These and other advantages of the present invention will become apparent to those skilled in the art upon reading and understanding the following detailed description with reference to the accompanying figures.

BRIEF DESCRIPTION OF THE DRAWINGS

FIG. 1 is a view showing waveforms of a data signal and gate signals, for describing a method for driving an active matrix liquid crystal display device according to the present invention.

FIG. 2 is a circuit diagram showing a configuration of a data driver for generating the data signal of FIG. 1.

FIGS. 3A, 3B and 3C are views showing waveforms of control signals for controlling an output section of the data driver of FIG. 2.

FIG. 4 is a plan view showing a configuration of an image display section of a conventional active matrix liquid crystal display device, which is also used for the method according to the present invention.

FIG. 5 is a view showing waveforms of a data signal and gate signals, for describing the conventional method for driving a liquid crystal display device.

FIG. 6 is a graph showing the characteristics of TFTs included in the image display section of the liquid crystal display device.

DESCRIPTION OF THE PREFERRED EMBODIMENTS

First, a basic principle of the present invention will be described with respect to the structure and effect thereof in comparison with the prior art.

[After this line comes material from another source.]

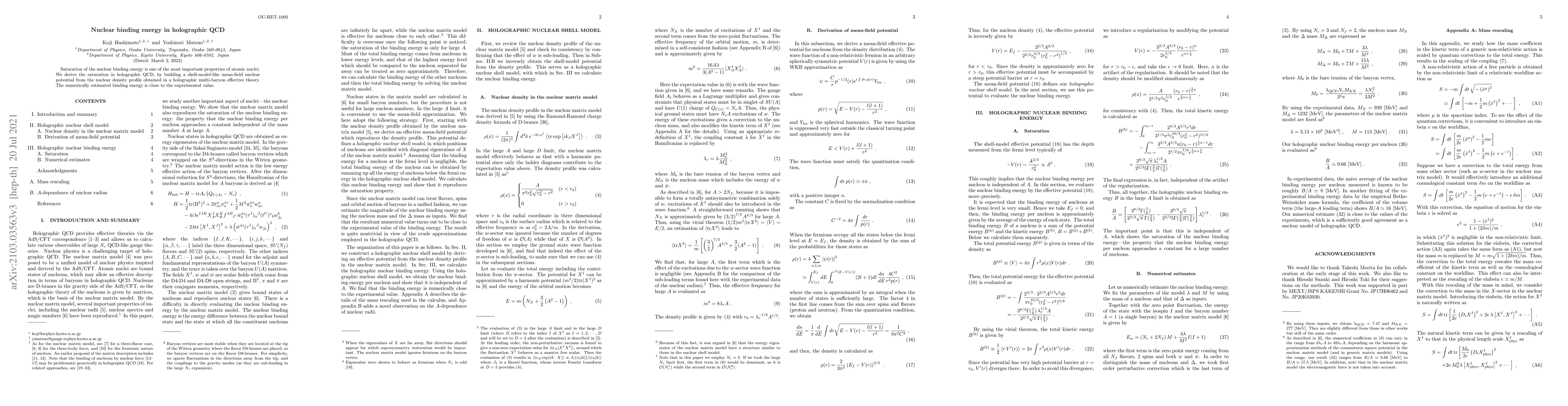 This research derives nuclear binding energy saturation in holographic QCD by constructing a shell-model-like potential from a holographic multi-baryon density profile, achieving a numerically estimated binding energy close to experimental values.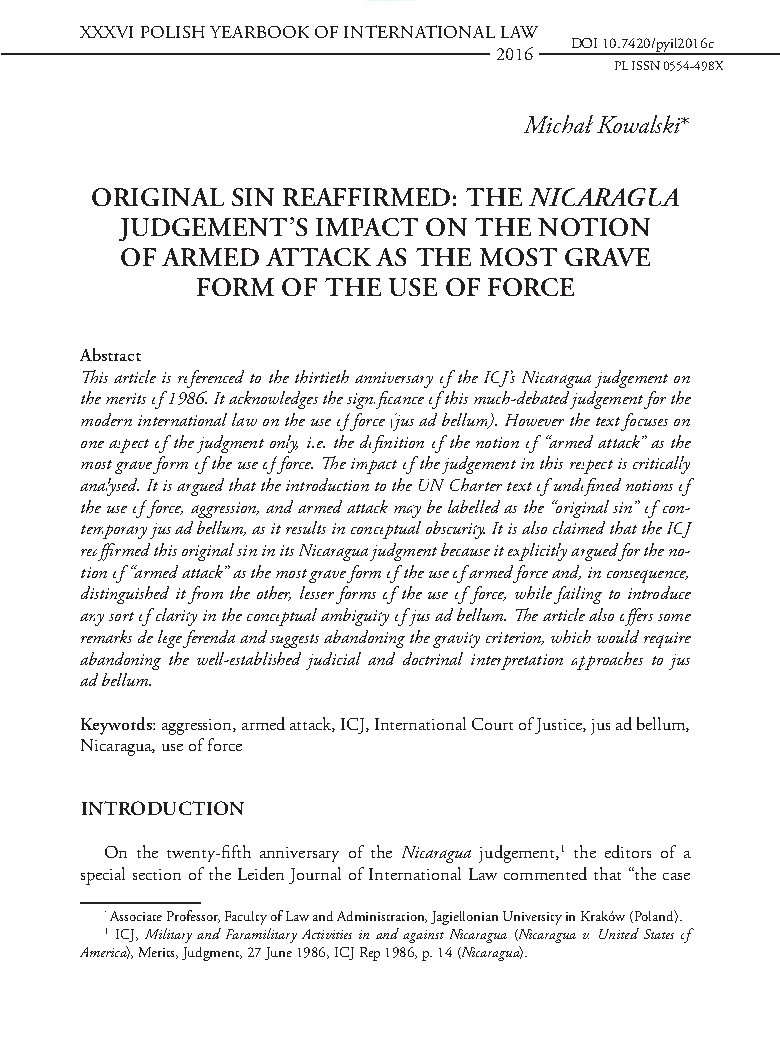 This article is referenced to the thirtieth anniversary of the ICJ’s Nicaragua judgement on the merits of 1986. It acknowledges the significance of this much-debated judgement for the modern international law on the use of force (jus ad bellum). However the text focuses on one aspect of the judgment only, i.e. the definition of the notion of “armed attack” as the most grave form of the use of force. The impact of the judgement in this respect is critically analysed. It is argued that the introduction to the UN Charter text of undefined notions of the use of force, aggression, and armed attack may be labelled as the “original sin” of contemporary jus ad bellum, as it results in conceptual obscurity. It is also claimed that the ICJ reaffirmed this original sin in its Nicaragua judgment because it explicitly argued for the notion of “armed attack” as the most grave form of the use of armed force and, in consequence, distinguished it from the other, lesser forms of the use of force, while failing to introduce any sort of clarity in the conceptual ambiguity of jus ad bellum. The article also offers some remarks de lege ferenda and suggests abandoning the gravity criterion, which would require abandoning the well-established judicial and doctrinal interpretation approaches to jus ad bellum.

According to the present invention, a data signal is applied, as an input signal, to the data line connected to the pixel electrode via the TFT. The data signal includes an image signal portion which defines a voltage level of an image display and a non-image signal portion which does not define any voltage level of an image display. The ratio of a period of the image signal portion included in the data signal with respect to one scanning period (i.e., an on-pulse period) of the scanning signal is set to approximately 80% or less.

Alternatively, the ratio of a period of the image signal portion included in the data signal with respect to one scanning period (i.e., an on-pulse period) of the scanning signal is preferably set to approximately 50% or less. In other words, it is preferable that, during an on-pulse period of the scanning signal, a period of the image signal portion of the data signal is shorter than that of the non-image signal portion of the data signal.

To shorten a period of the image signal portion of the data signal within an on-pulse period of the scanning signal leads to the effective reduction of the voltage applied to the TFT which is connected to the data line and the pixel electrode.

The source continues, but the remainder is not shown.